The needed output is the run of lines below from the one containing "- робота в мережі" through the one containing "活动伊始,双方党员干警共同走", copied exactly and free of pictures.
*** Opening of RECORDS SHOWN ***
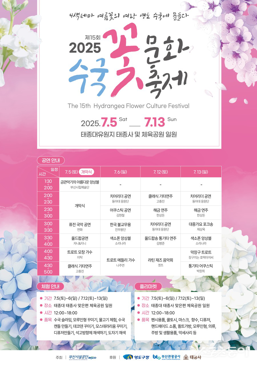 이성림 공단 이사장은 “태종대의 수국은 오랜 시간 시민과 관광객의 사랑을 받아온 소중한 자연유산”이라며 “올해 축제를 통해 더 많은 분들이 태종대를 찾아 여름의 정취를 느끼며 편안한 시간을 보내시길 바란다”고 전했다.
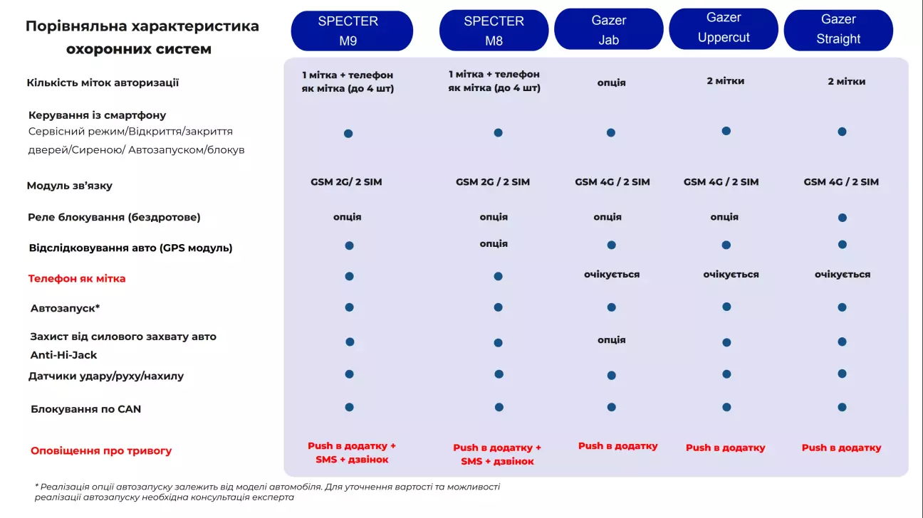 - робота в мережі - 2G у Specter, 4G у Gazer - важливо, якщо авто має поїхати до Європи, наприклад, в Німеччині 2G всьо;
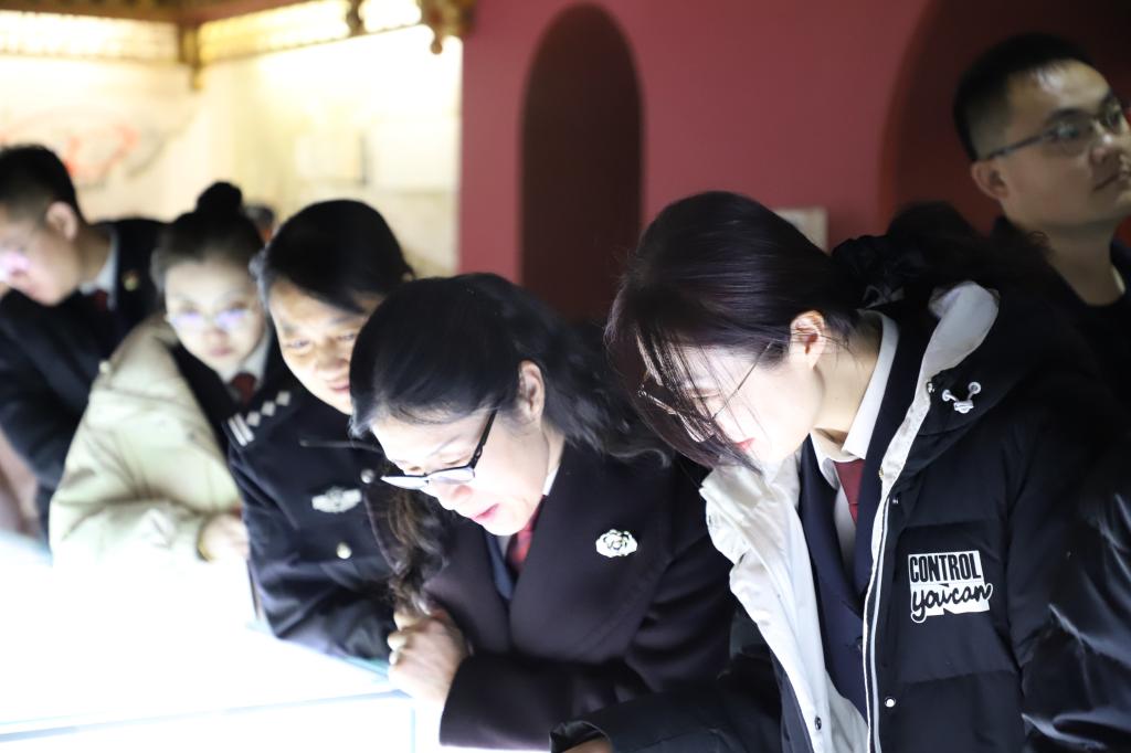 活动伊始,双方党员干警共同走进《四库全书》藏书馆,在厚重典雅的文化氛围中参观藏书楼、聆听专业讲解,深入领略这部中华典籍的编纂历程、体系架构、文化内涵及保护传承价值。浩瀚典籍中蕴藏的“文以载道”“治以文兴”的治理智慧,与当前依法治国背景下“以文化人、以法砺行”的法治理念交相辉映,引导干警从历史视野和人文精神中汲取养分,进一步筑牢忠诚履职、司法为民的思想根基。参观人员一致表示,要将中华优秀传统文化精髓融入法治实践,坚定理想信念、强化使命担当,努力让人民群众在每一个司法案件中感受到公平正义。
*** Close of RECORDS SHOWN ***
*** Opening of RECORDS SHOWN ***
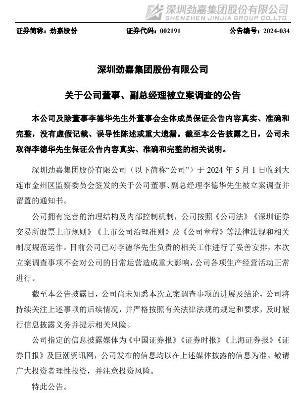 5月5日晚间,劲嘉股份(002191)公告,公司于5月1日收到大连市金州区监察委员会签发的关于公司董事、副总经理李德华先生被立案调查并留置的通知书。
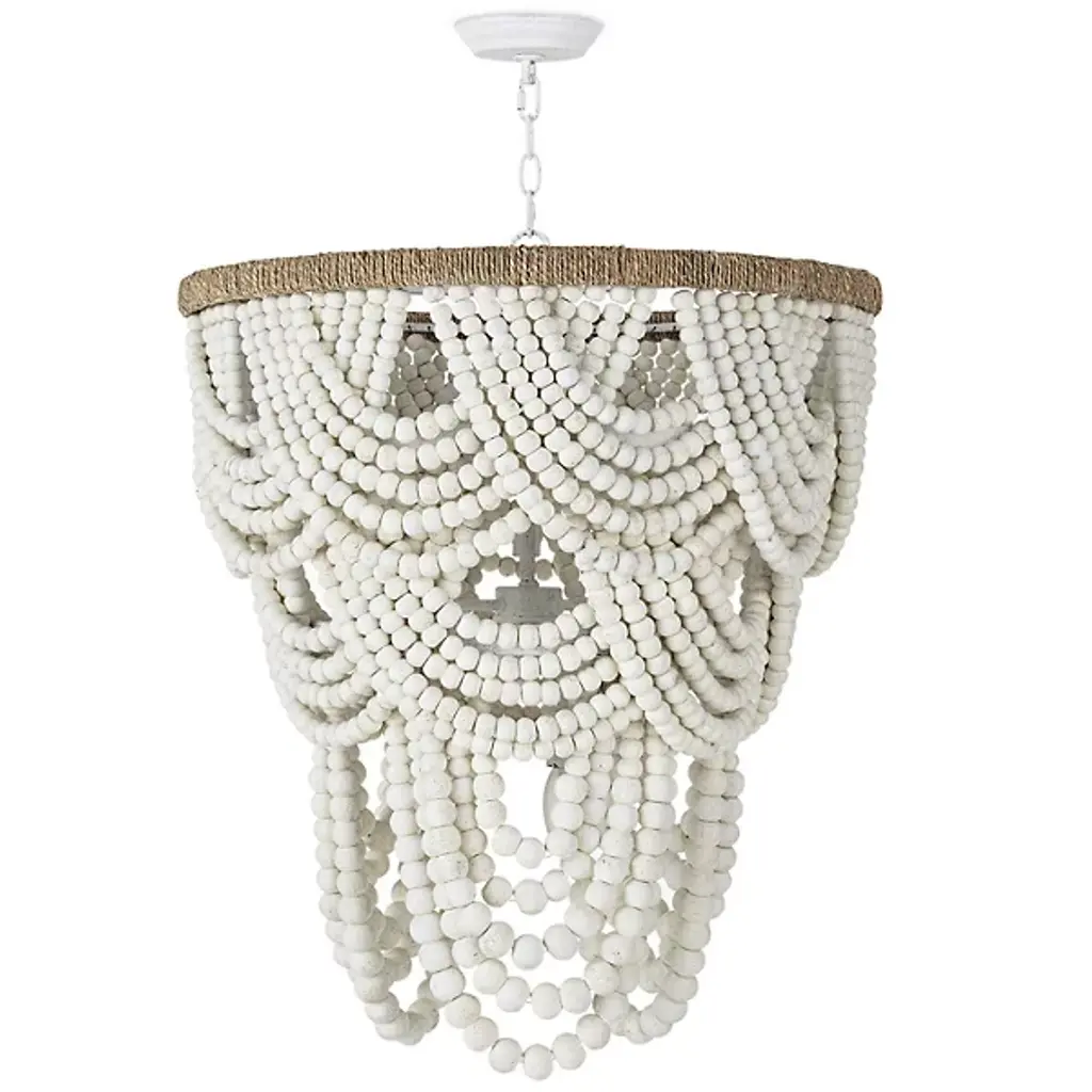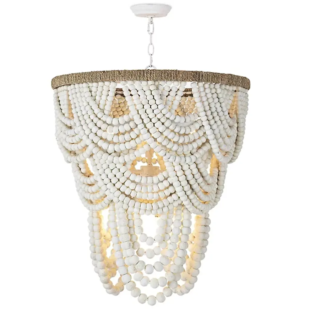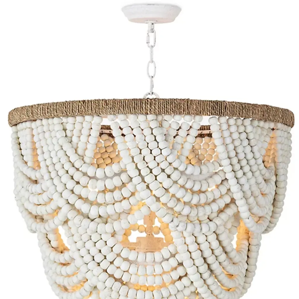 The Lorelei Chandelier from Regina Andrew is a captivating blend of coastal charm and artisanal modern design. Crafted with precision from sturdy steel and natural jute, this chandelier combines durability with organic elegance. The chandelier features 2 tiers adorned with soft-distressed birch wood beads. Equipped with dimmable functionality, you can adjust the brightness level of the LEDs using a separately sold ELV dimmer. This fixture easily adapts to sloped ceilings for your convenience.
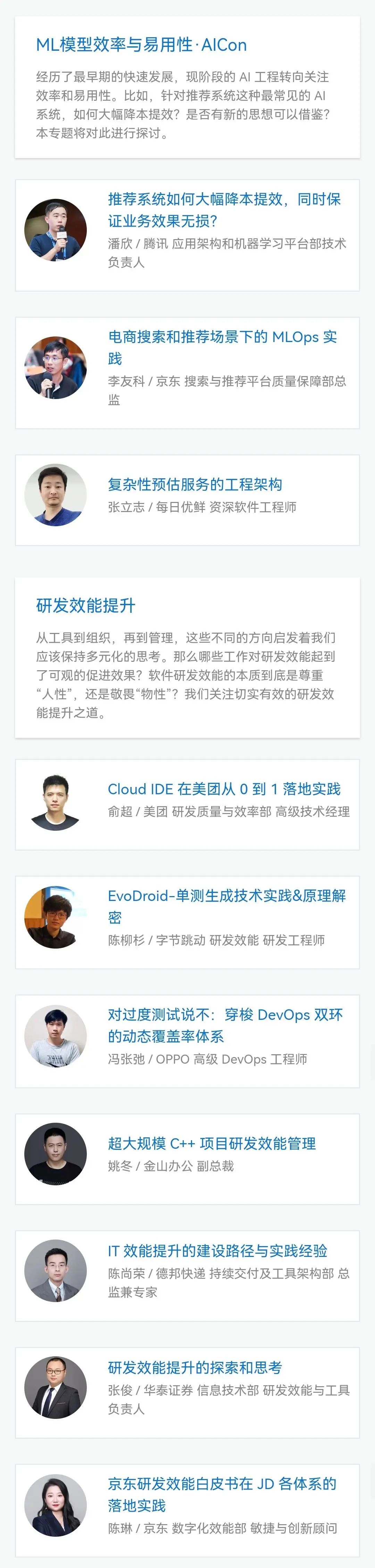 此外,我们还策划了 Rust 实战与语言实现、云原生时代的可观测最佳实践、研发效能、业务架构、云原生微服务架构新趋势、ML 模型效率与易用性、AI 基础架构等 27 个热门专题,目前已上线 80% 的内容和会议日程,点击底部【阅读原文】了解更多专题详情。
*** Close of RECORDS SHOWN ***
◆ **YOUR SOLUTION**:
 - робота в мережі - 2G у Specter, 4G у Gazer - важливо, якщо авто має поїхати до Європи, наприклад, в Німеччині 2G всьо;
 活动伊始,双方党员干警共同走进《四库全书》藏书馆,在厚重典雅的文化氛围中参观藏书楼、聆听专业讲解,深入领略这部中华典籍的编纂历程、体系架构、文化内涵及保护传承价值。浩瀚典籍中蕴藏的“文以载道”“治以文兴”的治理智慧,与当前依法治国背景下“以文化人、以法砺行”的法治理念交相辉映,引导干警从历史视野和人文精神中汲取养分,进一步筑牢忠诚履职、司法为民的思想根基。参观人员一致表示,要将中华优秀传统文化精髓融入法治实践,坚定理想信念、强化使命担当,努力让人民群众在每一个司法案件中感受到公平正义。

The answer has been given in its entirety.